◆ **Dataset records**:
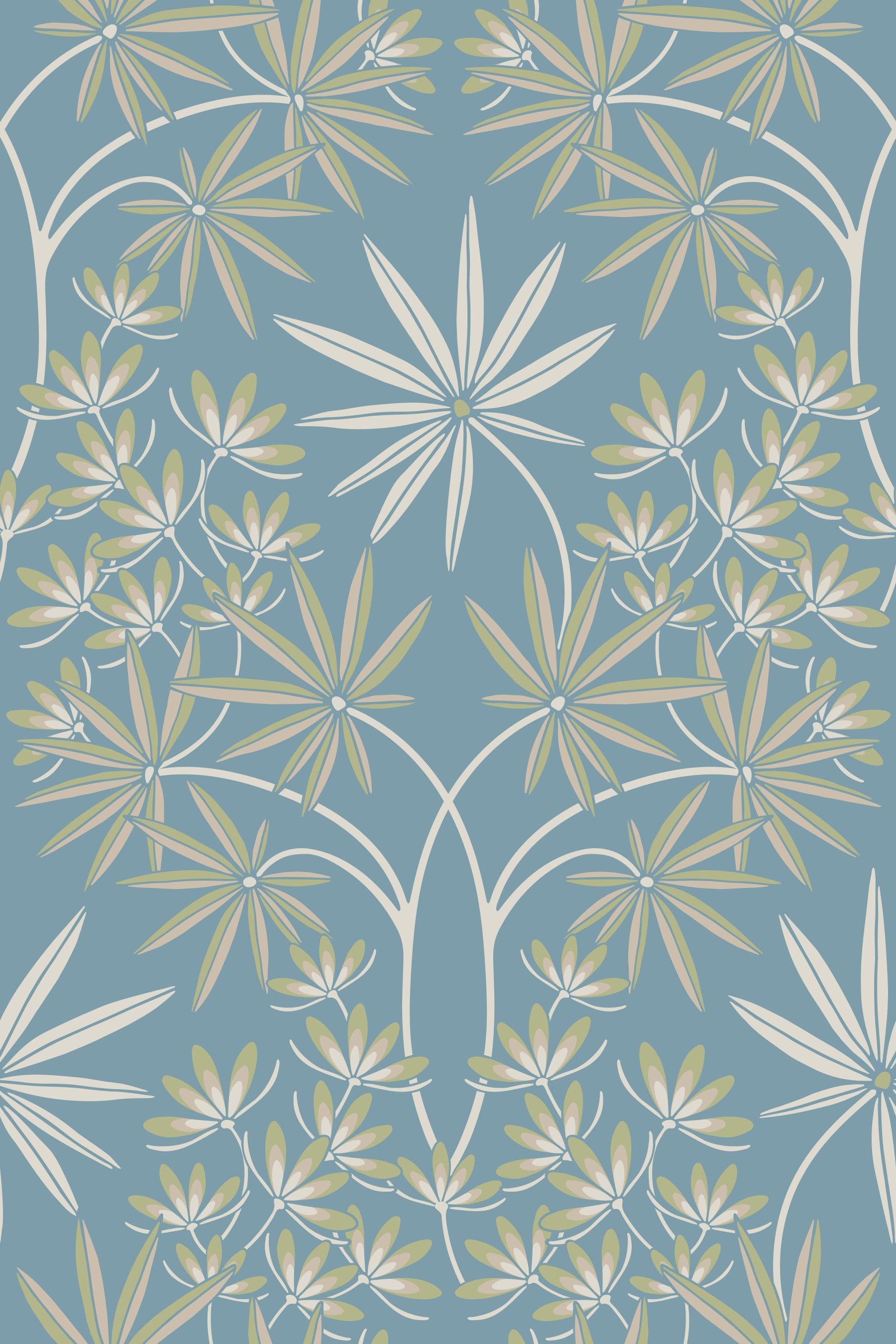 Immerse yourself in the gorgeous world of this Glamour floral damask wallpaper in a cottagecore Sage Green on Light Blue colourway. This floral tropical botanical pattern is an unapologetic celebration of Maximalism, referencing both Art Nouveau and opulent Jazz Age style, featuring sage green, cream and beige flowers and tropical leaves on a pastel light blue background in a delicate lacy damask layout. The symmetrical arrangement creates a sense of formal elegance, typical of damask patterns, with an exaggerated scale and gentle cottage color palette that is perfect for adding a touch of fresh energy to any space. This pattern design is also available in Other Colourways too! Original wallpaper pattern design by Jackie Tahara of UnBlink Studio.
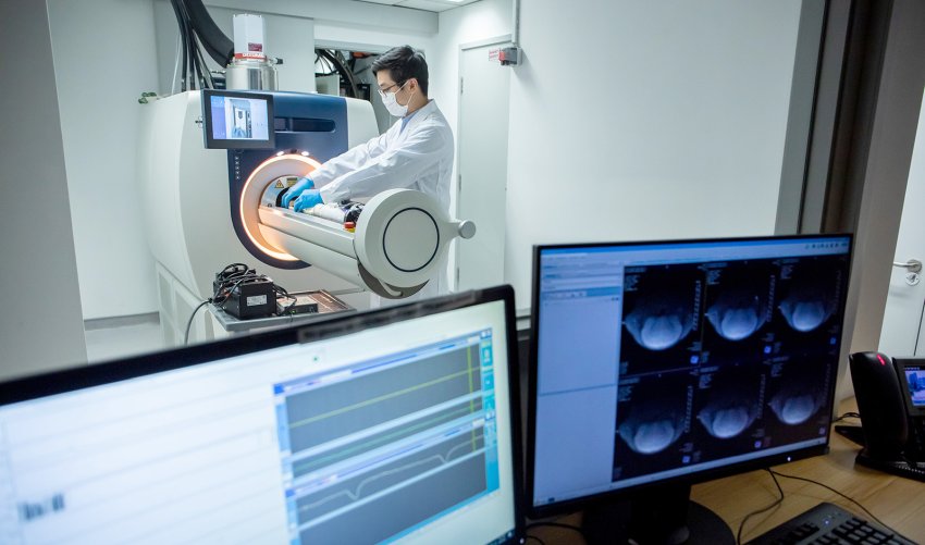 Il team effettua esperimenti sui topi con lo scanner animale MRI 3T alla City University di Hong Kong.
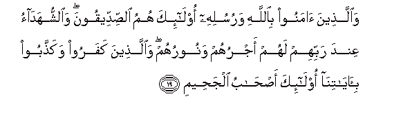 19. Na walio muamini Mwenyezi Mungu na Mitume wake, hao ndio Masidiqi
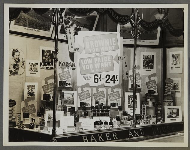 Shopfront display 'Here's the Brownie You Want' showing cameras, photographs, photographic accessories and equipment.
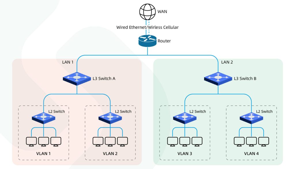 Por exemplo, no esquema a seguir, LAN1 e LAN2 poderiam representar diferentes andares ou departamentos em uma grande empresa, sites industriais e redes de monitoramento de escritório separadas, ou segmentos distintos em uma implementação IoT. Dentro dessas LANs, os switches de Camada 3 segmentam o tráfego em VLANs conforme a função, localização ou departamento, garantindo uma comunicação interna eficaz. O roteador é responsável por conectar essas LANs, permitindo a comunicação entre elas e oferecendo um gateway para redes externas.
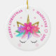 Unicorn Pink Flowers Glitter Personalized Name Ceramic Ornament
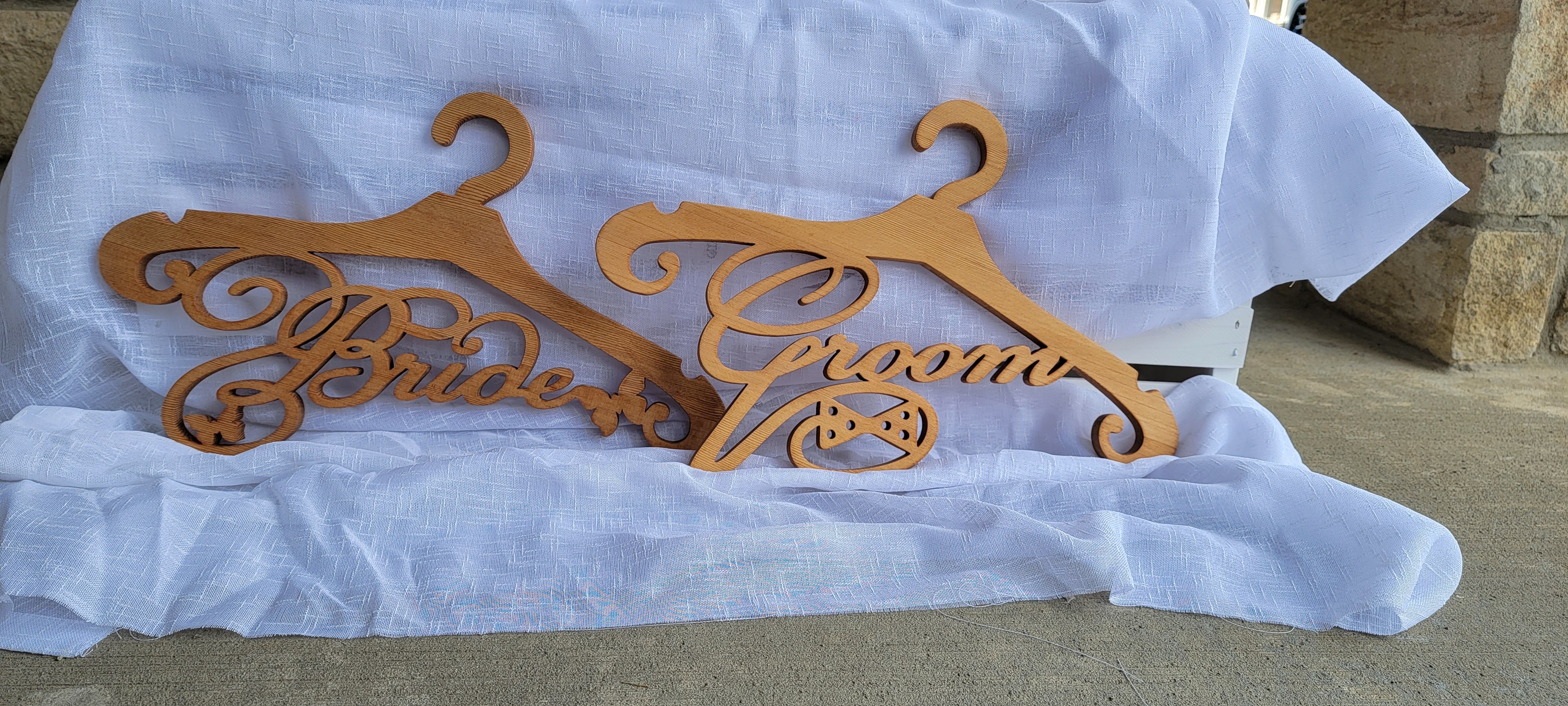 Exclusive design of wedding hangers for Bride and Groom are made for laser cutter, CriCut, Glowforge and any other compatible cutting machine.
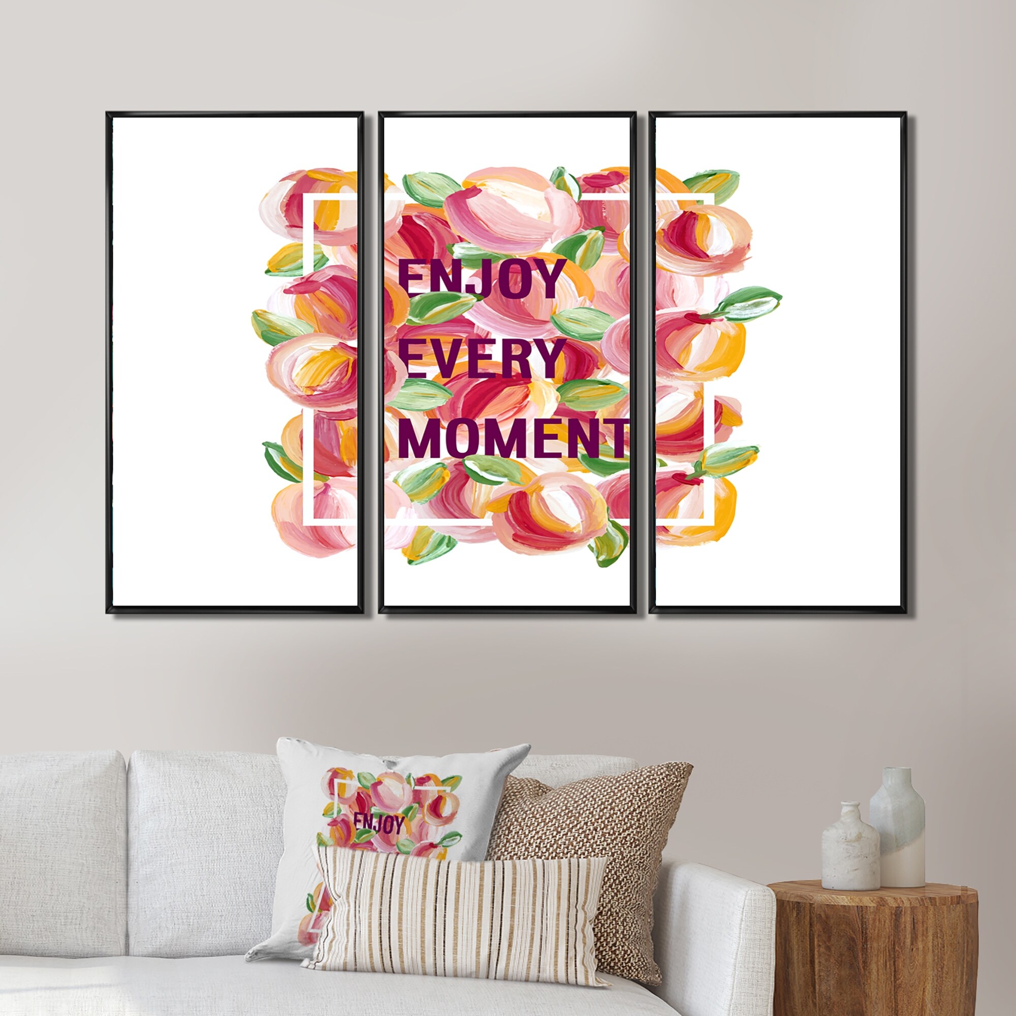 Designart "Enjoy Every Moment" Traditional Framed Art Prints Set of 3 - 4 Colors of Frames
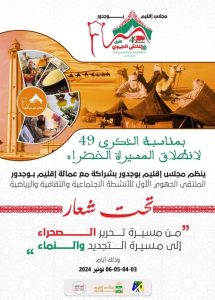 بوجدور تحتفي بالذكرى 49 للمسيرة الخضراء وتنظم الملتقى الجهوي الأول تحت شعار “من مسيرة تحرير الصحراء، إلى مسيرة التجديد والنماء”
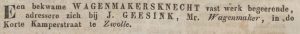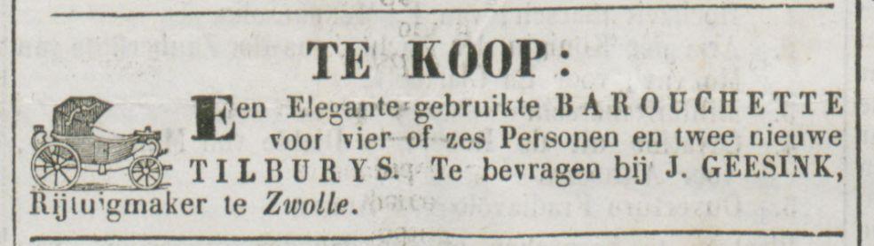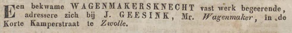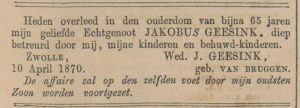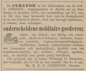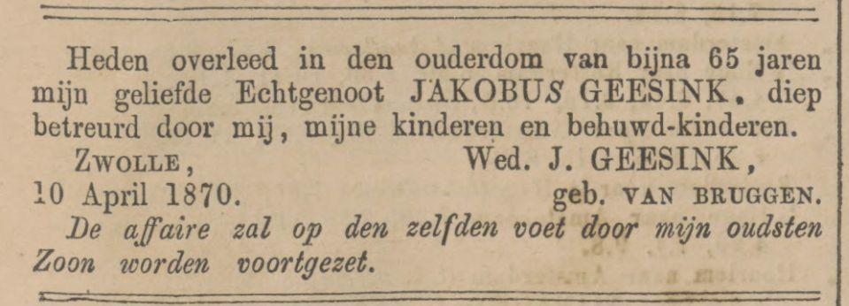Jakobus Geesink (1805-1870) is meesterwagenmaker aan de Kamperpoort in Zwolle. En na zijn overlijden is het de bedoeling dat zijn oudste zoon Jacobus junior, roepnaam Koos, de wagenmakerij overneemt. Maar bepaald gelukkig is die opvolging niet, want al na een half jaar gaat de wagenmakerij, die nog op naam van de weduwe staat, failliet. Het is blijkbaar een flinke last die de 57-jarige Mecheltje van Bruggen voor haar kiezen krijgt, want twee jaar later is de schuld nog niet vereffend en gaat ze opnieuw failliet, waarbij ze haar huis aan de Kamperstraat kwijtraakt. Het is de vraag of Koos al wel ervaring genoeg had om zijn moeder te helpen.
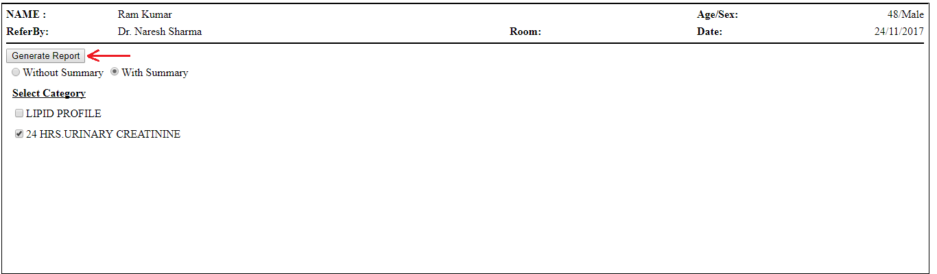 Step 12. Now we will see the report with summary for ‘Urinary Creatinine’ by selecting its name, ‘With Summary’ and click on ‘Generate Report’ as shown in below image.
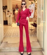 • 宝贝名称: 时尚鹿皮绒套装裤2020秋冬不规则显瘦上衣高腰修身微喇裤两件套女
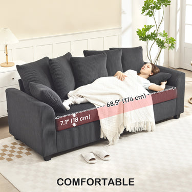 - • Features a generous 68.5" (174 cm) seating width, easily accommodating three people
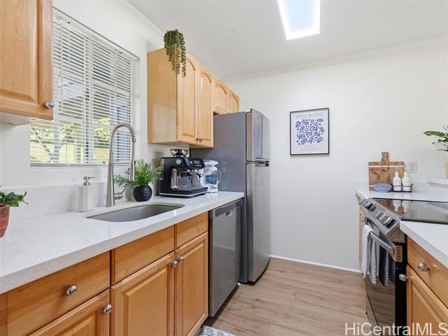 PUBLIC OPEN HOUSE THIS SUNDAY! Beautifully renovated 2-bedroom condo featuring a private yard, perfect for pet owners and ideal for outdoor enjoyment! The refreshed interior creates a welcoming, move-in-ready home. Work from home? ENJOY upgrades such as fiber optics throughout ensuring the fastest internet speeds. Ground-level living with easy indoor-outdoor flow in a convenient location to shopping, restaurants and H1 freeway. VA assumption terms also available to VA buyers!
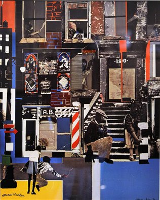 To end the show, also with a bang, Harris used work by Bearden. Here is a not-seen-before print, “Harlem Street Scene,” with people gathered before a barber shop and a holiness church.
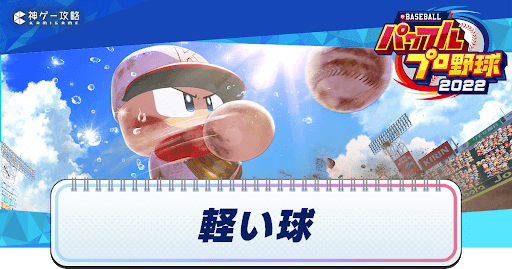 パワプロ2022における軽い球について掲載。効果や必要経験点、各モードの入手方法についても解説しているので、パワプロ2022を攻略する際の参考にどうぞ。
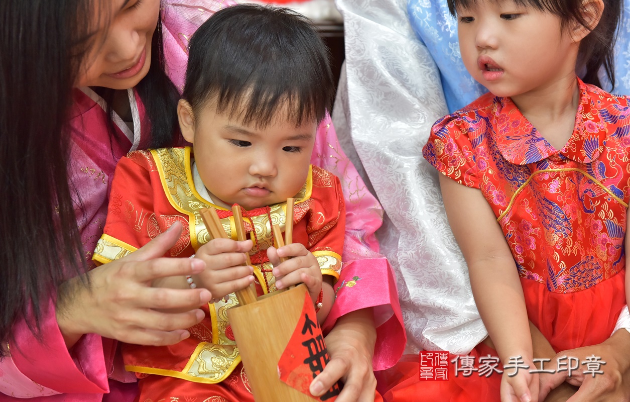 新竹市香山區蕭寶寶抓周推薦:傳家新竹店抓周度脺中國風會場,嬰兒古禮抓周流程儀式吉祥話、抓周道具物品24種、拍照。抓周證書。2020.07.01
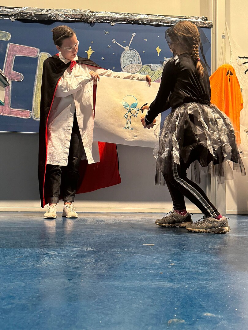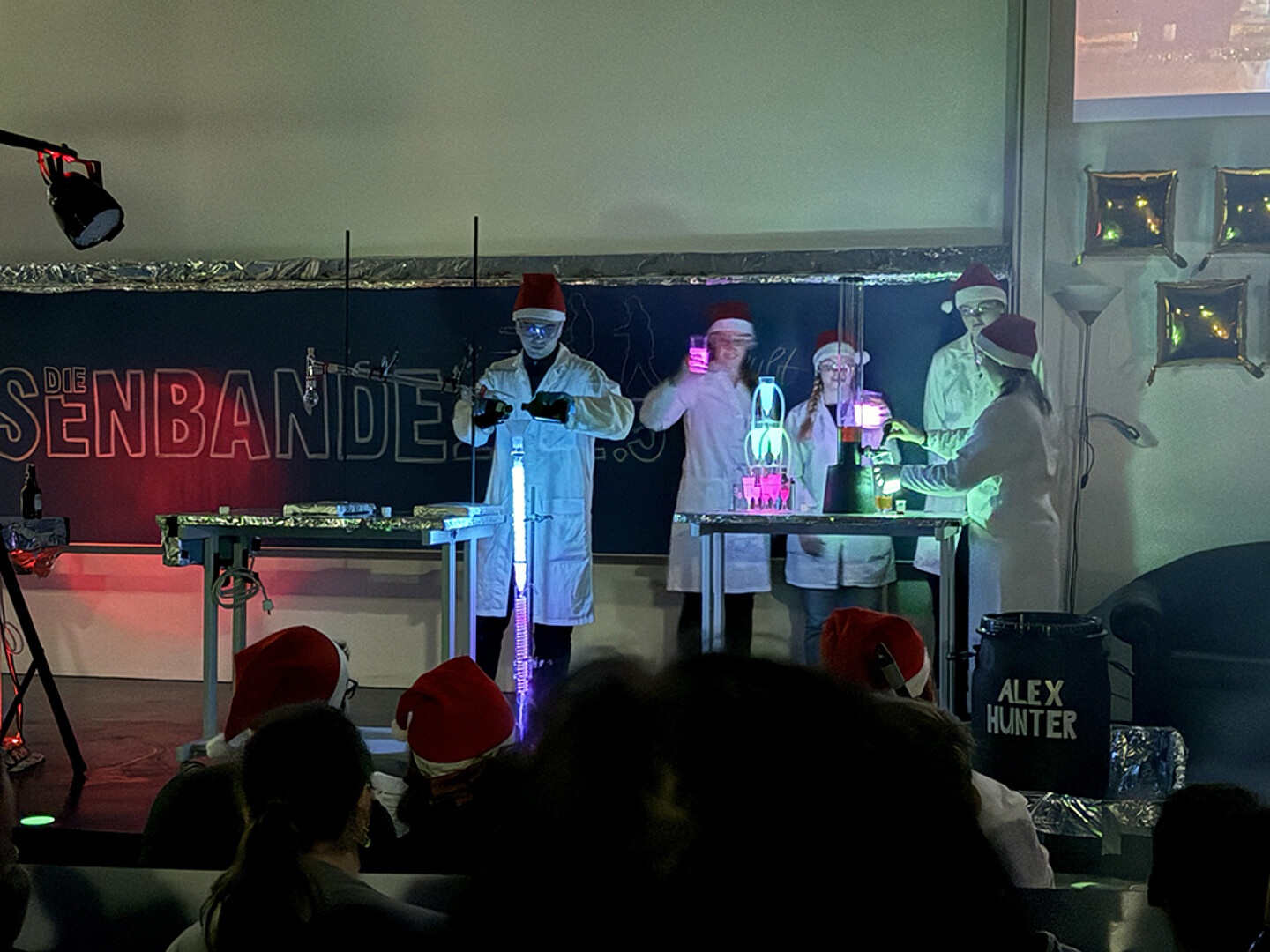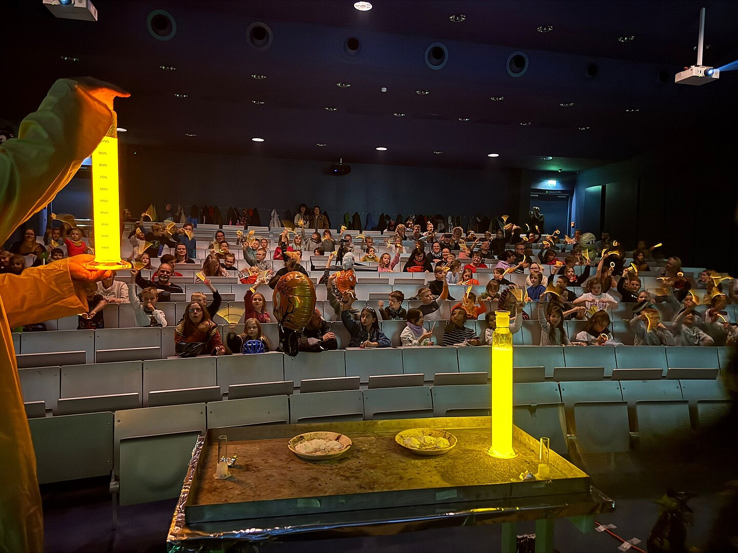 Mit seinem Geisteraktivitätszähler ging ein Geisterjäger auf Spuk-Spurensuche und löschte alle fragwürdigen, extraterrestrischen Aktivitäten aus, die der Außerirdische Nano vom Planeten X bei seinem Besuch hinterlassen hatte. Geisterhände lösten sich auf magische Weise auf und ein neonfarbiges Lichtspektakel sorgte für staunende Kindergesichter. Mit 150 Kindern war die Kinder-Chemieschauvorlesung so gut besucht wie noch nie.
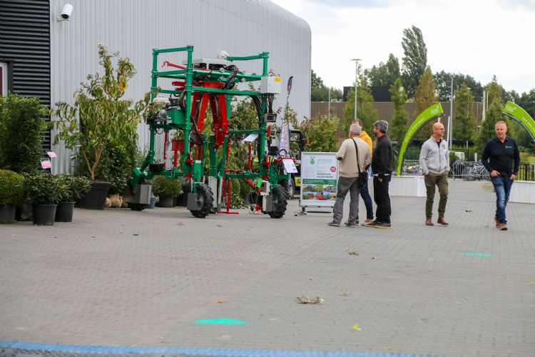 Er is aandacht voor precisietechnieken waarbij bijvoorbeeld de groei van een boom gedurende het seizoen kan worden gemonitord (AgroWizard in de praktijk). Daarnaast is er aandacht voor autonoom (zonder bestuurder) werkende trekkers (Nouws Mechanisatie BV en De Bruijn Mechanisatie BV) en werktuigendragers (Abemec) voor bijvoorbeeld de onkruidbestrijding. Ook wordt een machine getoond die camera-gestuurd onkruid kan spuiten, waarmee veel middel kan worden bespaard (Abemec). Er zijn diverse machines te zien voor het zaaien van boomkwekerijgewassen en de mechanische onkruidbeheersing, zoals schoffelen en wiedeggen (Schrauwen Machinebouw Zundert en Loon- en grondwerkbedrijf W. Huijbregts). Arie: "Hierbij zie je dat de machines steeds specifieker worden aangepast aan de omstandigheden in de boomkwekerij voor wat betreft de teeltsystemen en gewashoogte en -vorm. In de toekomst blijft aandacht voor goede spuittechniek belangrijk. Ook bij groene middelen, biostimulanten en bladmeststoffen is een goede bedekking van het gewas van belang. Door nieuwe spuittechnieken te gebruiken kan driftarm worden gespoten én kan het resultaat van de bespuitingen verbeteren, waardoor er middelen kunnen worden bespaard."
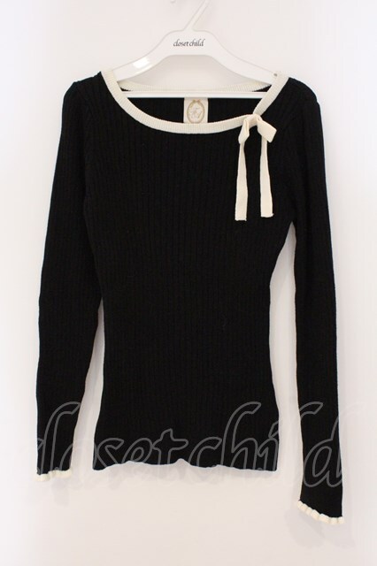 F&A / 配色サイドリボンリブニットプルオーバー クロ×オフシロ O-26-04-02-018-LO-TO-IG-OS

◆ **Assignment**: Above are the records; return the lines in them from the one with "Jakobus Geesink (1805-1870)" to the one with "新竹市香山區蕭寶寶抓周推薦:傳家新竹店抓", inclusive, exactly and without images.

◆ **Exercise response**:
Jakobus Geesink (1805-1870) is meesterwagenmaker aan de Kamperpoort in Zwolle. En na zijn overlijden is het de bedoeling dat zijn oudste zoon Jacobus junior, roepnaam Koos, de wagenmakerij overneemt. Maar bepaald gelukkig is die opvolging niet, want al na een half jaar gaat de wagenmakerij, die nog op naam van de weduwe staat, failliet. Het is blijkbaar een flinke last die de 57-jarige Mecheltje van Bruggen voor haar kiezen krijgt, want twee jaar later is de schuld nog niet vereffend en gaat ze opnieuw failliet, waarbij ze haar huis aan de Kamperstraat kwijtraakt. Het is de vraag of Koos al wel ervaring genoeg had om zijn moeder te helpen.
 Step 12. Now we will see the report with summary for ‘Urinary Creatinine’ by selecting its name, ‘With Summary’ and click on ‘Generate Report’ as shown in below image.
 • 宝贝名称: 时尚鹿皮绒套装裤2020秋冬不规则显瘦上衣高腰修身微喇裤两件套女
 - • Features a generous 68.5" (174 cm) seating width, easily accommodating three people
 PUBLIC OPEN HOUSE THIS SUNDAY! Beautifully renovated 2-bedroom condo featuring a private yard, perfect for pet owners and ideal for outdoor enjoyment! The refreshed interior creates a welcoming, move-in-ready home. Work from home? ENJOY upgrades such as fiber optics throughout ensuring the fastest internet speeds. Ground-level living with easy indoor-outdoor flow in a convenient location to shopping, restaurants and H1 freeway. VA assumption terms also available to VA buyers!
 To end the show, also with a bang, Harris used work by Bearden. Here is a not-seen-before print, “Harlem Street Scene,” with people gathered before a barber shop and a holiness church.
 パワプロ2022における軽い球について掲載。効果や必要経験点、各モードの入手方法についても解説しているので、パワプロ2022を攻略する際の参考にどうぞ。
 新竹市香山區蕭寶寶抓周推薦:傳家新竹店抓周度脺中國風會場,嬰兒古禮抓周流程儀式吉祥話、抓周道具物品24種、拍照。抓周證書。2020.07.01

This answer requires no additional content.